**WHAT YOU WILL DO:** Skip the images and repeat every entry word for word.

┌─ SUPPLIED INFORMATION

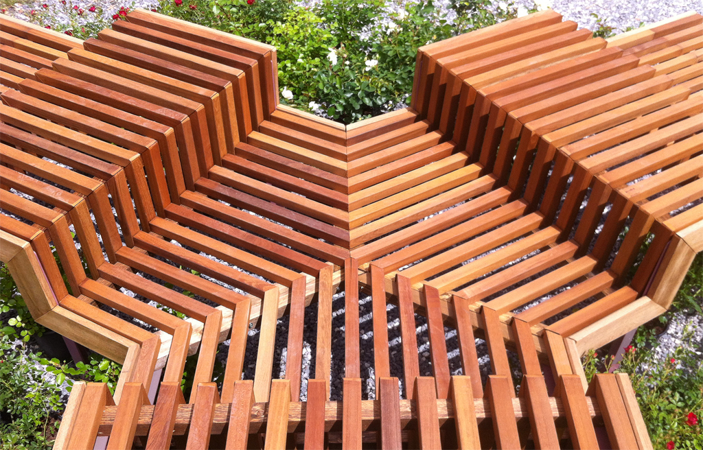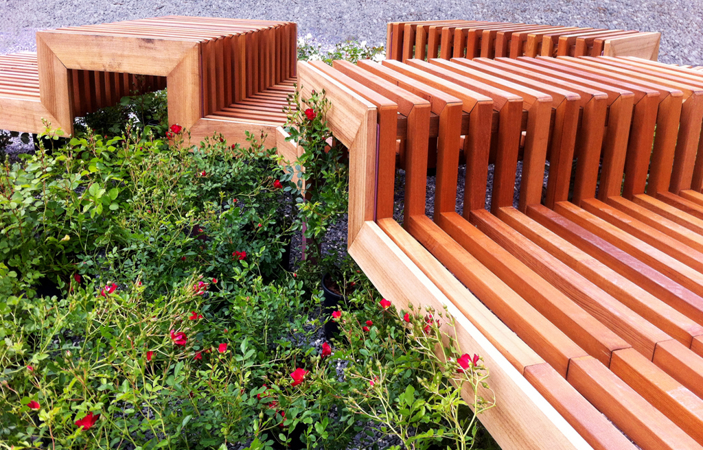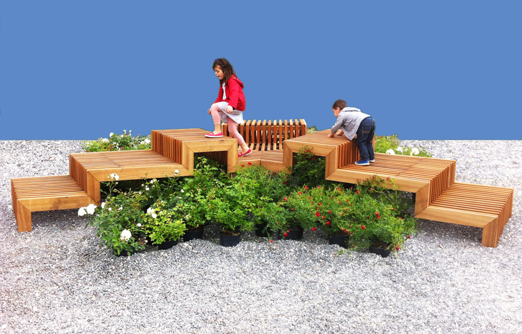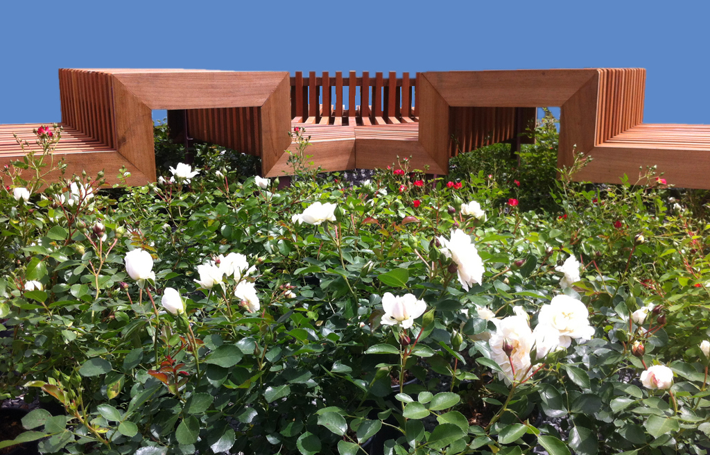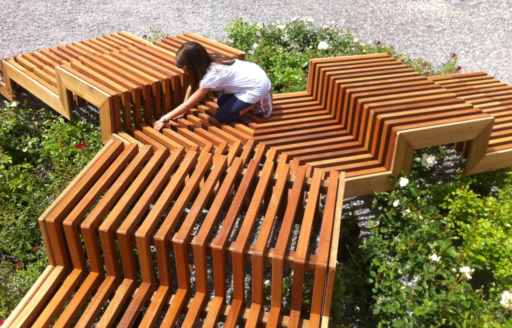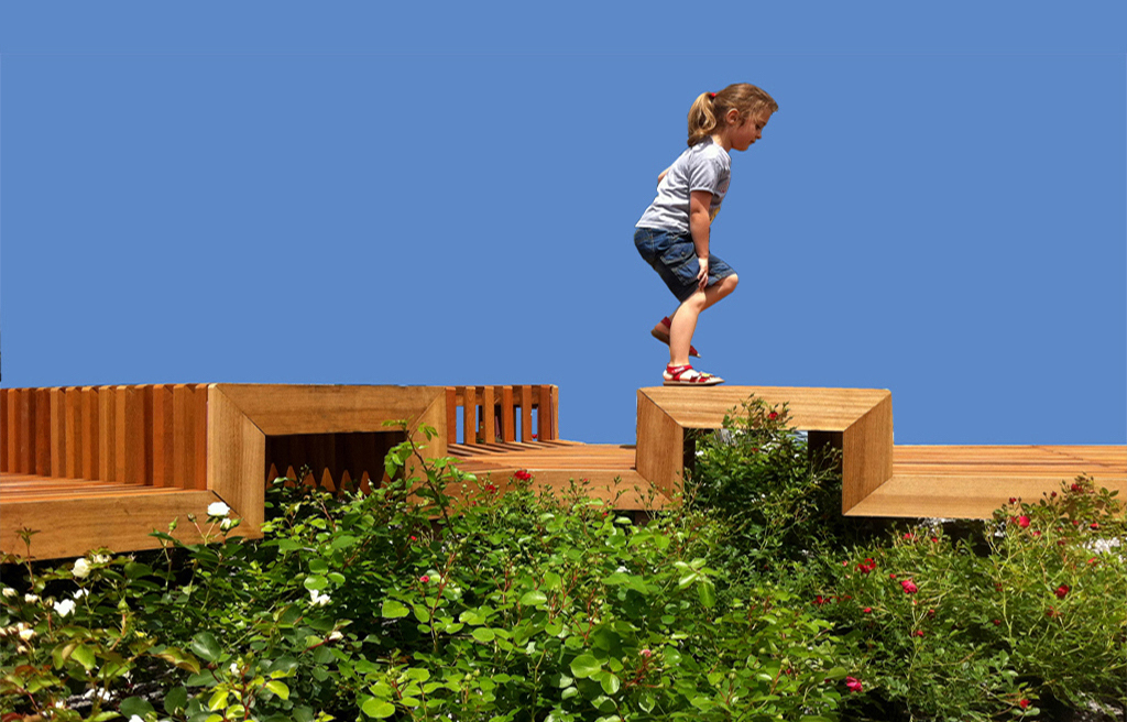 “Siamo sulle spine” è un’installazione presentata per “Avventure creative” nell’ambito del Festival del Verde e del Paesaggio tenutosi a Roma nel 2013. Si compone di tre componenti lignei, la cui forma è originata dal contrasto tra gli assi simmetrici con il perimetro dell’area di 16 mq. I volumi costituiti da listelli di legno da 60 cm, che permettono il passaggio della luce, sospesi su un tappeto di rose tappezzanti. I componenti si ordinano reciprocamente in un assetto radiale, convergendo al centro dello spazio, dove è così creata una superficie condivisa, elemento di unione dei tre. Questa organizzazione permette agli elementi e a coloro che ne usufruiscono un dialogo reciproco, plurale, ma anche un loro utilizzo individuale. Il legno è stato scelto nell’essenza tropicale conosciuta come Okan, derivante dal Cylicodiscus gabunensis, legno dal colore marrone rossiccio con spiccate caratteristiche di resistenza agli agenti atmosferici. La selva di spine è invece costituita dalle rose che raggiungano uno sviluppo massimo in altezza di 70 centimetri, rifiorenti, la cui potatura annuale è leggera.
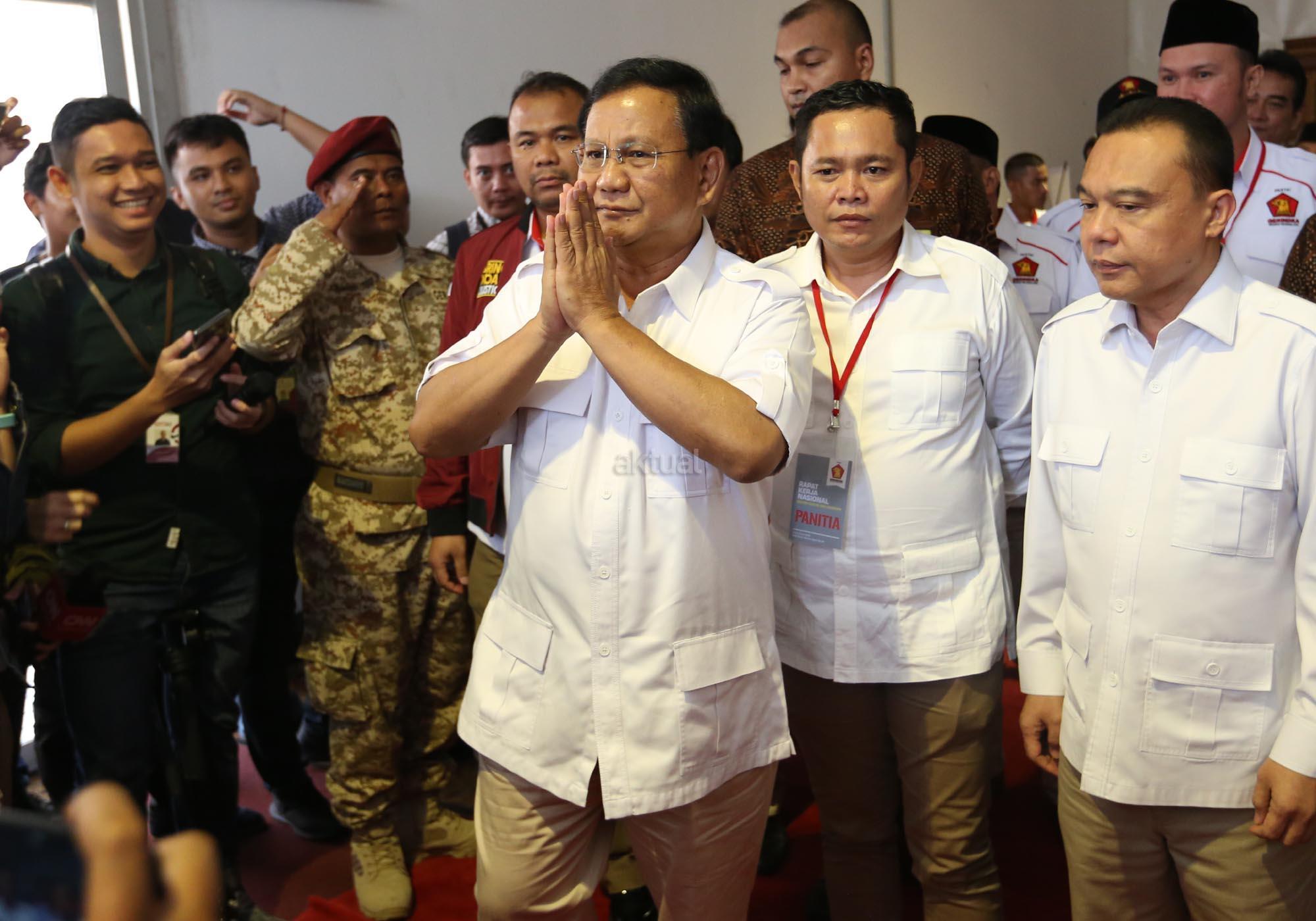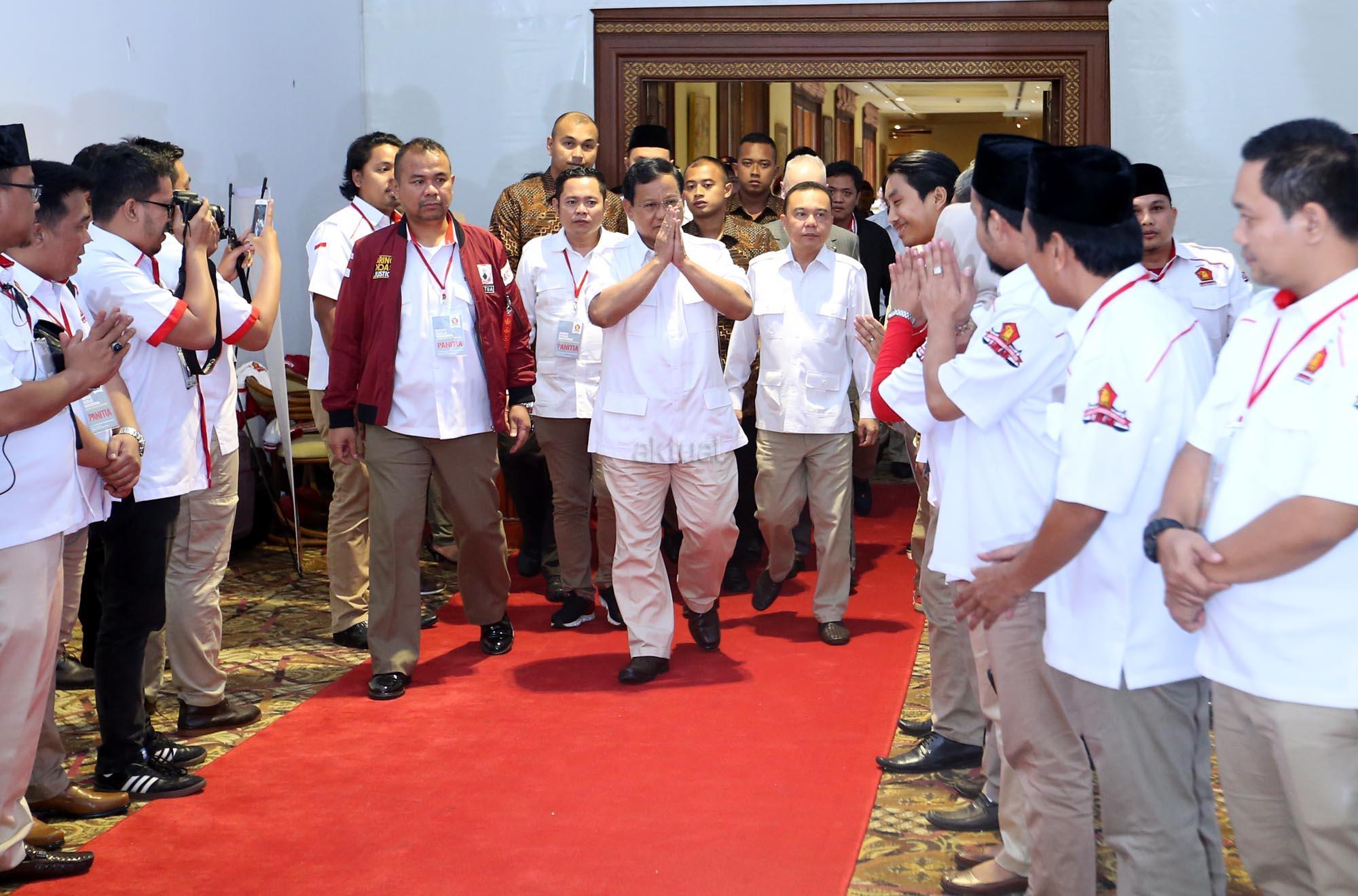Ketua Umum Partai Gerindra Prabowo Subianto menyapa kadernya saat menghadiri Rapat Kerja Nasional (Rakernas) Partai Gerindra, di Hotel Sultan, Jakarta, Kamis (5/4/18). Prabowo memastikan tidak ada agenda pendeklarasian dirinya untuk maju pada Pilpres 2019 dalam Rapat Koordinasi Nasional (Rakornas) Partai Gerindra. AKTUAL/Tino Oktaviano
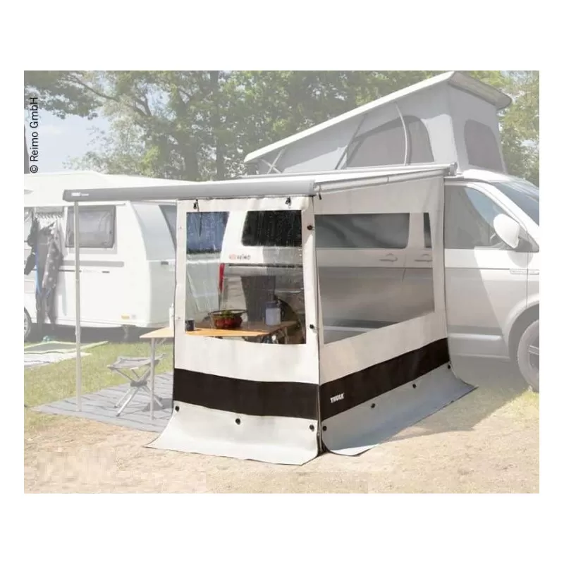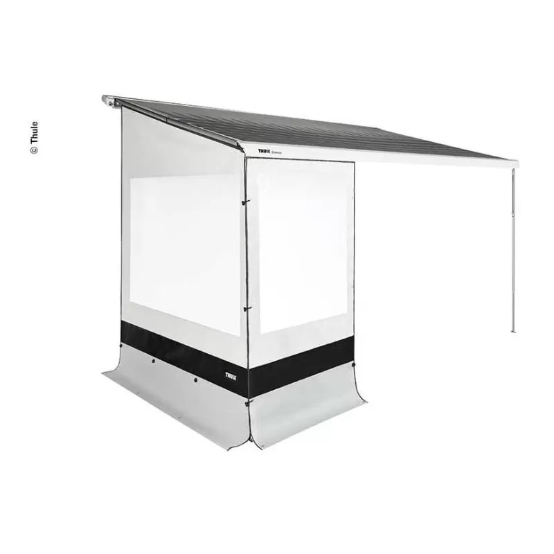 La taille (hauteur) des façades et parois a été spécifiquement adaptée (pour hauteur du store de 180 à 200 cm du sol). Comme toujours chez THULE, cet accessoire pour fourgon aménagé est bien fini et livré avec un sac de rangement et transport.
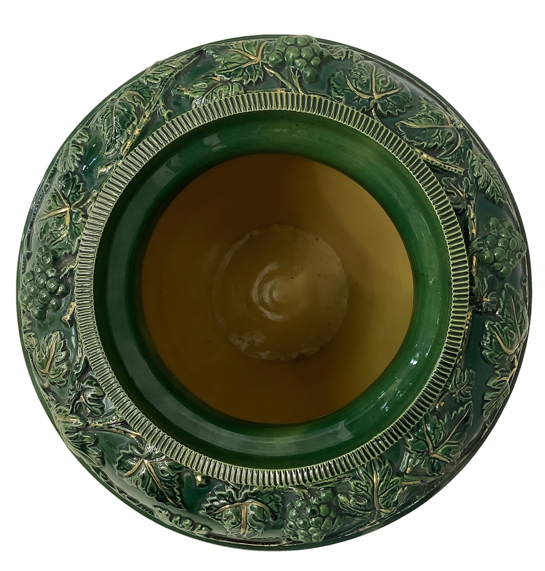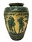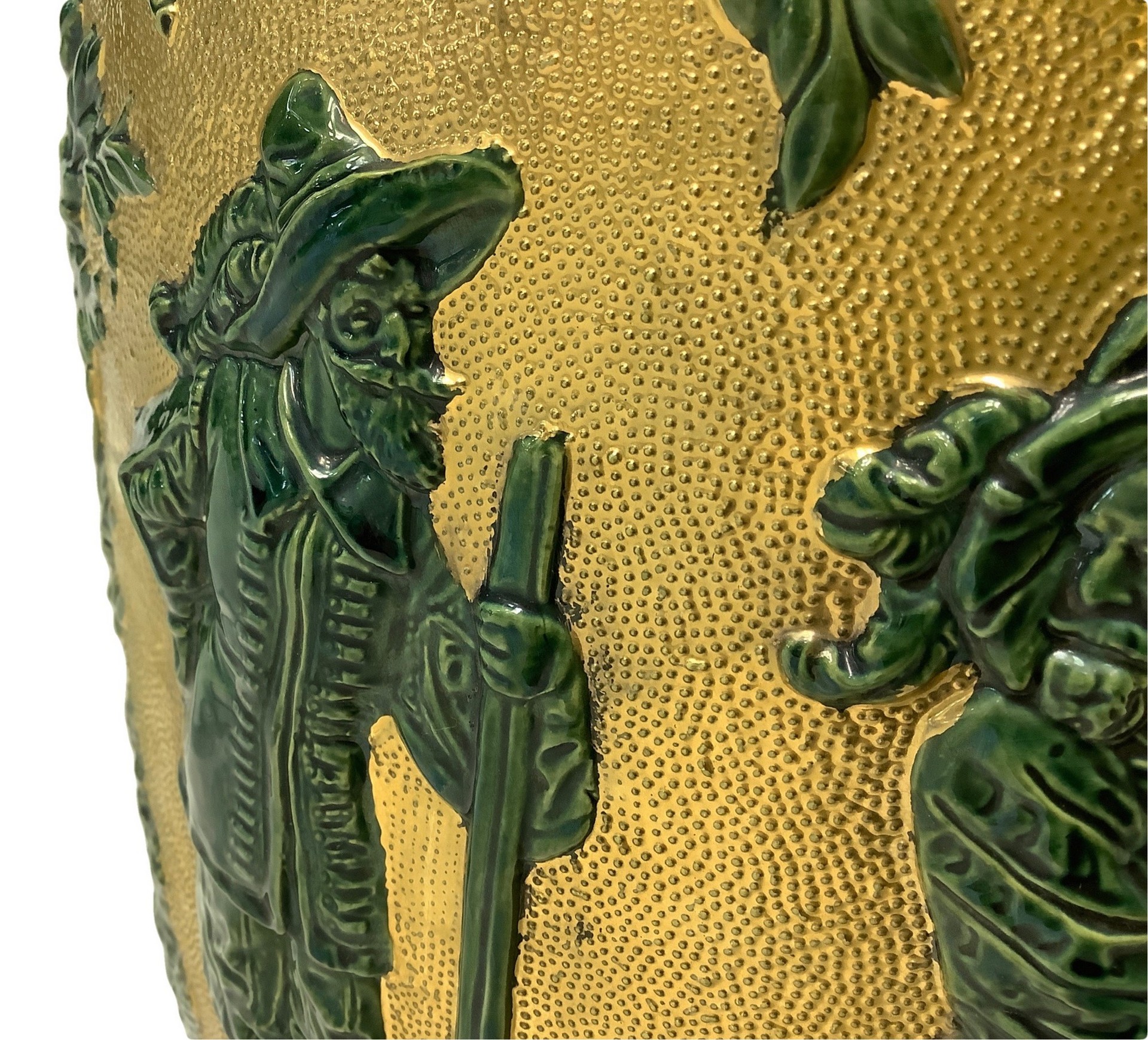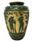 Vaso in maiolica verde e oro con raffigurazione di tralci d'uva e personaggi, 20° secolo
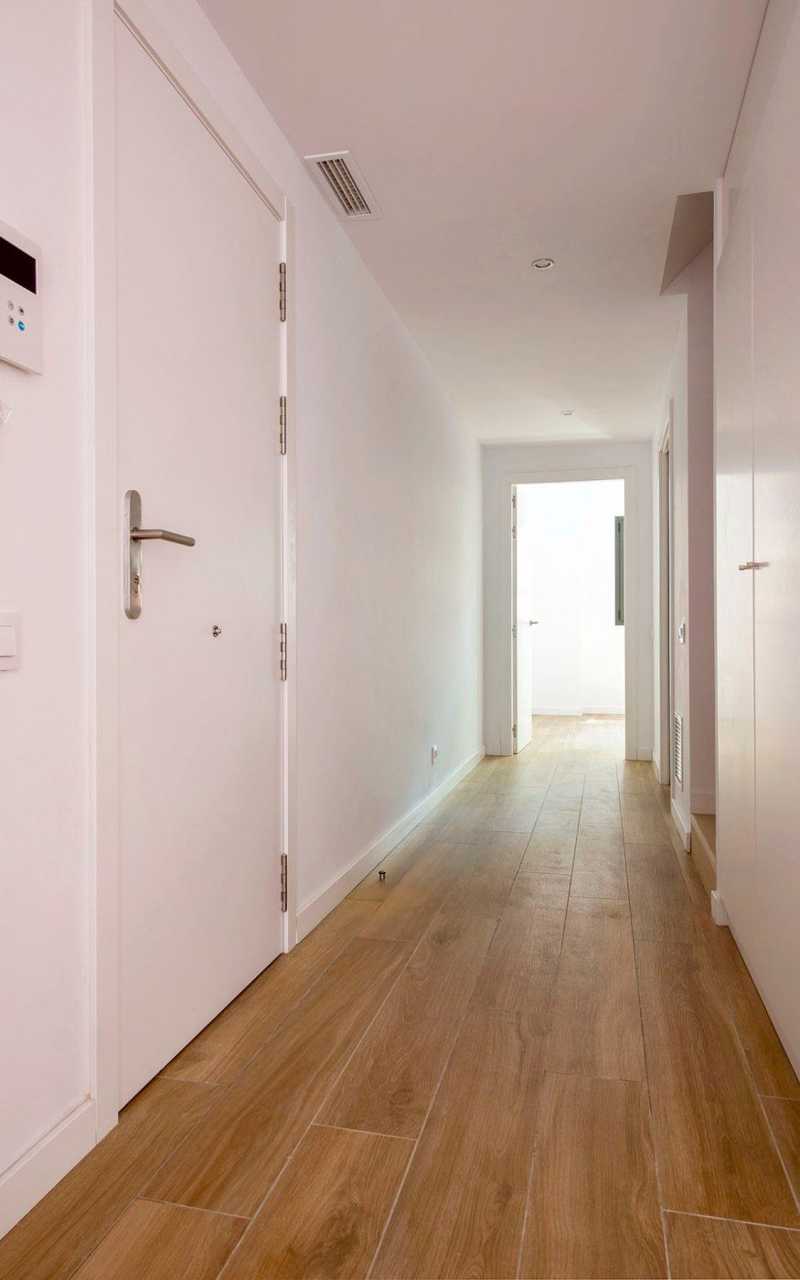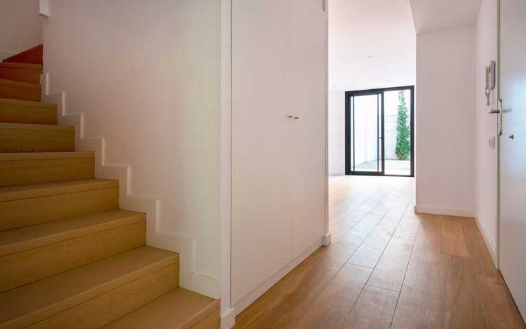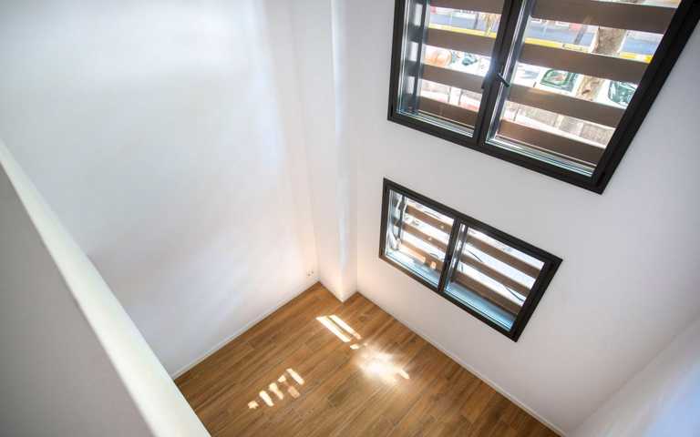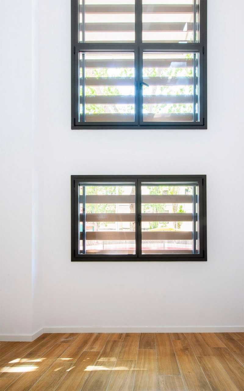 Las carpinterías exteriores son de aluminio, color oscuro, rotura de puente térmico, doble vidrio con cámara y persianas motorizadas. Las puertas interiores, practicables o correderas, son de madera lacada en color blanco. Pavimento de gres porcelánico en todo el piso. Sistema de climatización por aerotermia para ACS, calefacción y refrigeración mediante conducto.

└─

**EXERCISE RESPONSE:**
 “Siamo sulle spine” è un’installazione presentata per “Avventure creative” nell’ambito del Festival del Verde e del Paesaggio tenutosi a Roma nel 2013. Si compone di tre componenti lignei, la cui forma è originata dal contrasto tra gli assi simmetrici con il perimetro dell’area di 16 mq. I volumi costituiti da listelli di legno da 60 cm, che permettono il passaggio della luce, sospesi su un tappeto di rose tappezzanti. I componenti si ordinano reciprocamente in un assetto radiale, convergendo al centro dello spazio, dove è così creata una superficie condivisa, elemento di unione dei tre. Questa organizzazione permette agli elementi e a coloro che ne usufruiscono un dialogo reciproco, plurale, ma anche un loro utilizzo individuale. Il legno è stato scelto nell’essenza tropicale conosciuta come Okan, derivante dal Cylicodiscus gabunensis, legno dal colore marrone rossiccio con spiccate caratteristiche di resistenza agli agenti atmosferici. La selva di spine è invece costituita dalle rose che raggiungano uno sviluppo massimo in altezza di 70 centimetri, rifiorenti, la cui potatura annuale è leggera.
Ketua Umum Partai Gerindra Prabowo Subianto menyapa kadernya saat menghadiri Rapat Kerja Nasional (Rakernas) Partai Gerindra, di Hotel Sultan, Jakarta, Kamis (5/4/18). Prabowo memastikan tidak ada agenda pendeklarasian dirinya untuk maju pada Pilpres 2019 dalam Rapat Koordinasi Nasional (Rakornas) Partai Gerindra. AKTUAL/Tino Oktaviano
 La taille (hauteur) des façades et parois a été spécifiquement adaptée (pour hauteur du store de 180 à 200 cm du sol). Comme toujours chez THULE, cet accessoire pour fourgon aménagé est bien fini et livré avec un sac de rangement et transport.
 Vaso in maiolica verde e oro con raffigurazione di tralci d'uva e personaggi, 20° secolo
 Las carpinterías exteriores son de aluminio, color oscuro, rotura de puente térmico, doble vidrio con cámara y persianas motorizadas. Las puertas interiores, practicables o correderas, son de madera lacada en color blanco. Pavimento de gres porcelánico en todo el piso. Sistema de climatización por aerotermia para ACS, calefacción y refrigeración mediante conducto.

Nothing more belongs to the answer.